Per Bleeping Computer, the ransomware was first discovered by cybersecurity researcher MalwareHunterTeam. After infecting a victim, Thanatos uses a new key for each file it encrypts, but doesn’t store the keys anywhere. As a result, it’s impossible for the ransomware’s developer to decrypt a victim’s files.

Those affected by Thanatos are advised not to pay the ransom. According to researchers, the only way to get rid of it is by brute forcing the encryption key for each file, meaning victims should contact cybersecurity firms for help.

Thanatos is notably the first ransomware strain to accept Bitcoin Cash for payments, along with Bitcoin and Ethereum. After a user is infected, a readme.txt file opens up, telling them to send the equivalent of $200 to a BTC, ETH, or BCH wallet. Bleeping Computer’s report reads:

“This ransom note contains instructions to send a $200 USD ransom payment to one of the listed Bitcoin, Ethereum, or Bitcoin Cash addresses. The user is then instructed to contact thanatos1.1 @ yandex.com with their unique victim ID in order to receive a decryption program.”

At the end of the note, the extortionists try to coerce victims into paying by implying no one can help. It reads that files can only be decrypted by the ransomware’s authors, although researchers pointed out even they can’t do it.
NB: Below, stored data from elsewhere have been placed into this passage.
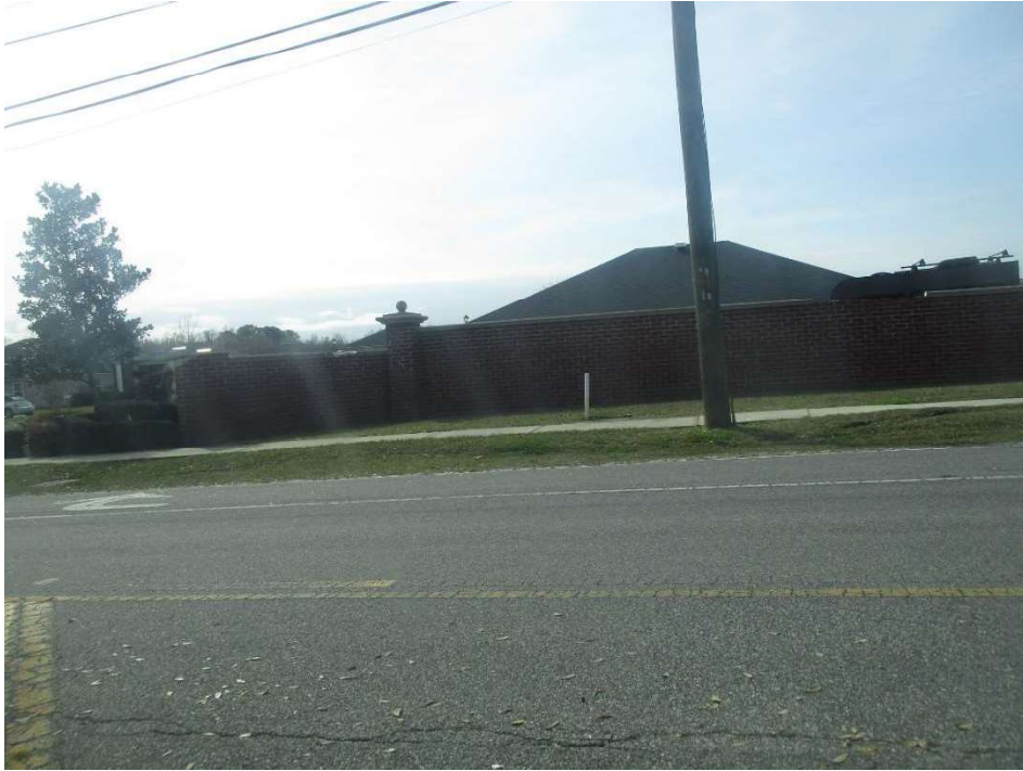
View of the neighboring subdivision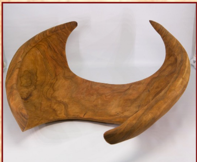
Benji Omisore 20" x 20" wall sculpture [bradford pear]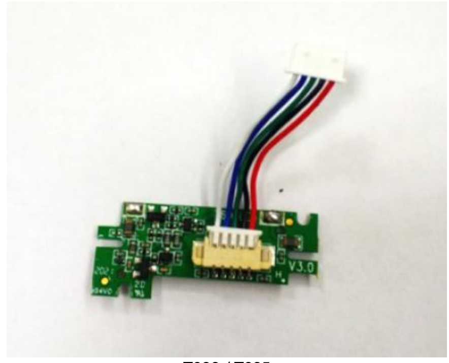
Exhibit 9H - Expander board without Shields (Bottom)

The growing popularity of cryptocurrencies has been helping ransomware extortionists’ business. As covered by CCN, a Google report revealed that they netted $25 million in two years. The business is so popular that a Tor Proxy service was caught diverting some of their bitcoin payments.

Security researchers advise users to regularly backup their files in a secure and reliable way, to use proper security software, and to never open attachments when the sender is unknown. Furthermore, users should make sure their software is updated as older programs often contain security vulnerabilities.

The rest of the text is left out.